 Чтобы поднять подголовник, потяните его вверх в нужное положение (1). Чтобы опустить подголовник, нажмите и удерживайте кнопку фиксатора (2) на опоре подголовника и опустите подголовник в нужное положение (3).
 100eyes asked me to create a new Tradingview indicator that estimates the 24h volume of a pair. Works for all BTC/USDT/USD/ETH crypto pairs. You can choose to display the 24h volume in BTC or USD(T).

..........

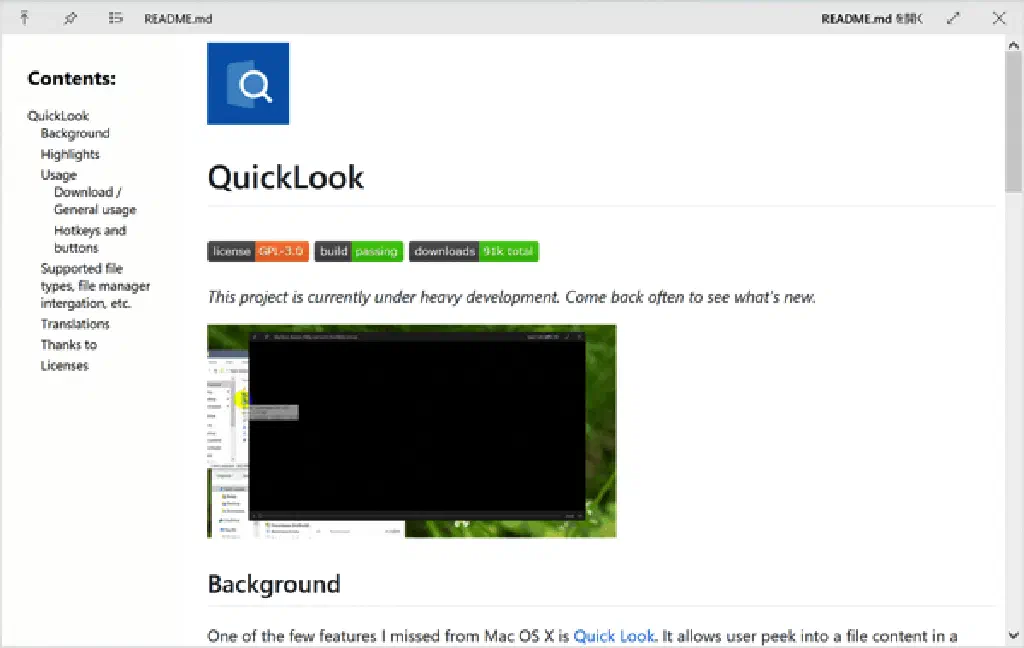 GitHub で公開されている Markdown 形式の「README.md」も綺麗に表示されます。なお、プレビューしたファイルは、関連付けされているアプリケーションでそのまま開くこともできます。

..........

- What you should do: Give back, word for word, only the lines above from the line holding "Чтобы поднять подголовник, потяните" to the line holding "100eyes asked me", both included.

- Task answer:
 Чтобы поднять подголовник, потяните его вверх в нужное положение (1). Чтобы опустить подголовник, нажмите и удерживайте кнопку фиксатора (2) на опоре подголовника и опустите подголовник в нужное положение (3).
 100eyes asked me to create a new Tradingview indicator that estimates the 24h volume of a pair. Works for all BTC/USDT/USD/ETH crypto pairs. You can choose to display the 24h volume in BTC or USD(T).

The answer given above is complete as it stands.